Sacrifice falls short of freedom for Tibetan monks

    Sichuan Province in China has been rocked by a string of self-immolations by Tibetan Buddhist monks and nuns this year. Eleven members of the Kirti Monastery in the province have set themselves alight demanding religious freedom for Tibetans in China and the return of the Dalai Lama. Six of the demonstrators succumbed to their wounds, the latest being Palden Choesto, a nun from the monastery, who immolated herself on Thursday last week. Even exiled Tibetans have self-immolated to voice their criticism of the Chinese Communist regime. On the 5th of November, a Tibetan activist did so outside the Chinese embassy in New Delhi, and on the 10th of November, another activist self-immolated at Boudhanath, a Buddhist site on the outskirts of Kathmandu in Nepal. What remains to be seen, though, is whether actions like these will have any significant political effect.

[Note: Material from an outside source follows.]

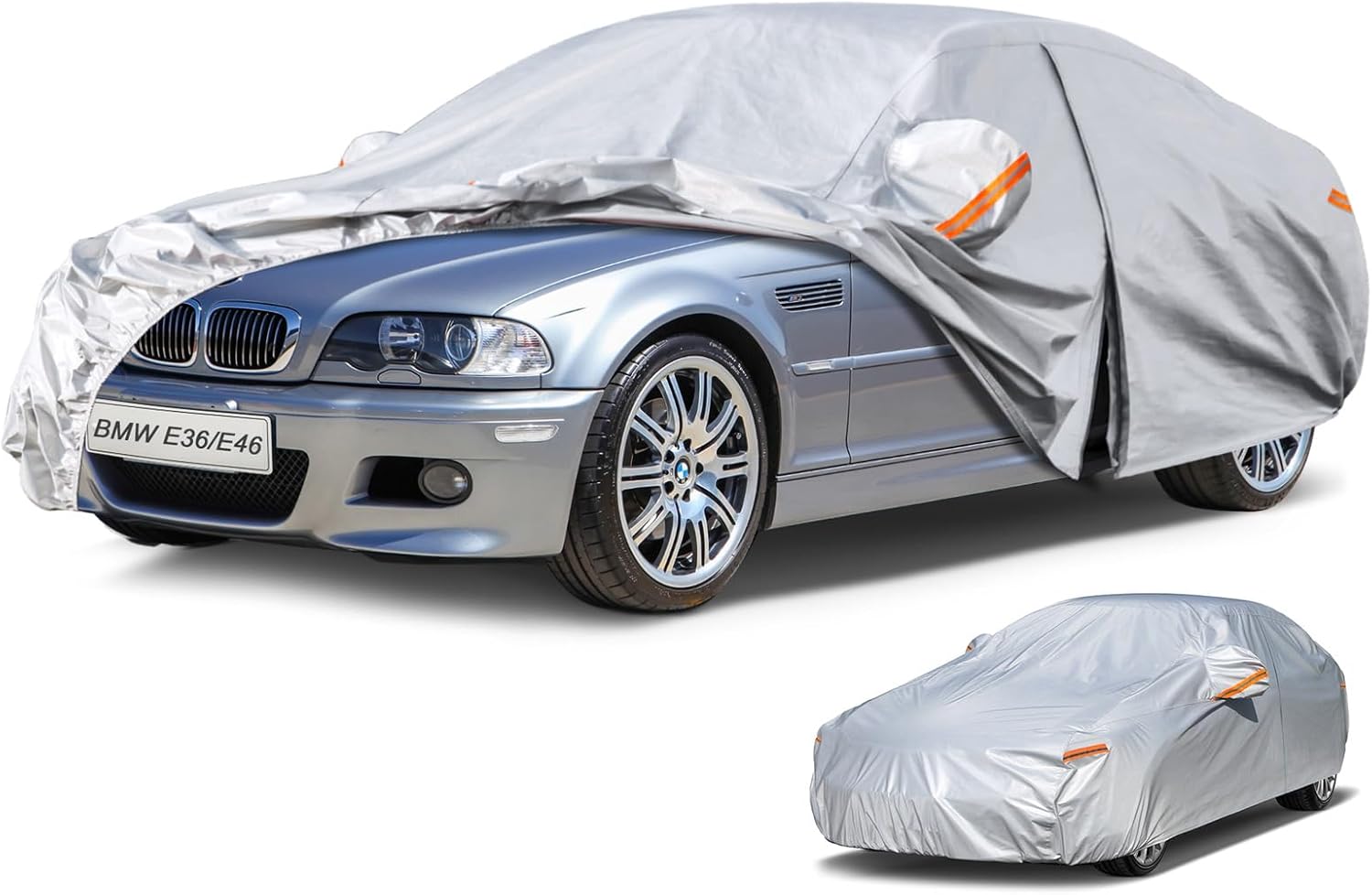 Kayme 6 Layers Car Cover Waterproof All Weather, Outdoor Car Cover UV Rain Sun Protection, Universal Fit for BMW E46 E36 E30, Dodge Neon, Mitsubishi Mirage, Nissan Versa (Up to 177 inch).

    Anti-government sentiments have been flaring recently in the Tibetan communities of China, which have faced the brunt of China’s internal police machinery. Since 2006, the Chinese Communist Party has been spending four times the resources to police the Tibetan communities of Kardze and Aba as compared to the rest of Sichuan. In 2008, Chinese authorities conducted a preemptive crackdown on Tibetan activists during the Beijing Olympics. Counter-protests were violently suppressed, as 10 monks from the Kirti Monastery were shot dead. Since the latest case of self-immolation, the military and paramilitary presence has further increased in the region. Telecommunications and Internet services have been restricted, and journalists have been denied permission to visit the Tibetan settlements.

    The political rhetoric from the Chinese government’s public relations wing has been quick to discredit the Tibetan movement. The regime argues that Tibetans are free to practice their faith in China and accuses the Dalai Lama of “terrorism in disguise” for stirring the protests to overthrow Chinese rule in Tibet. Additionally, the Chinese government accused Kirti monks of long being engaged in acts of vandalism and self-immolation to disturb the social order of the region. According to an official document released in May this year, the regime stated that the monks “frequented places of entertainment, prostitution, alcohol and gambling, and spread pornographic CD-Roms” in the region.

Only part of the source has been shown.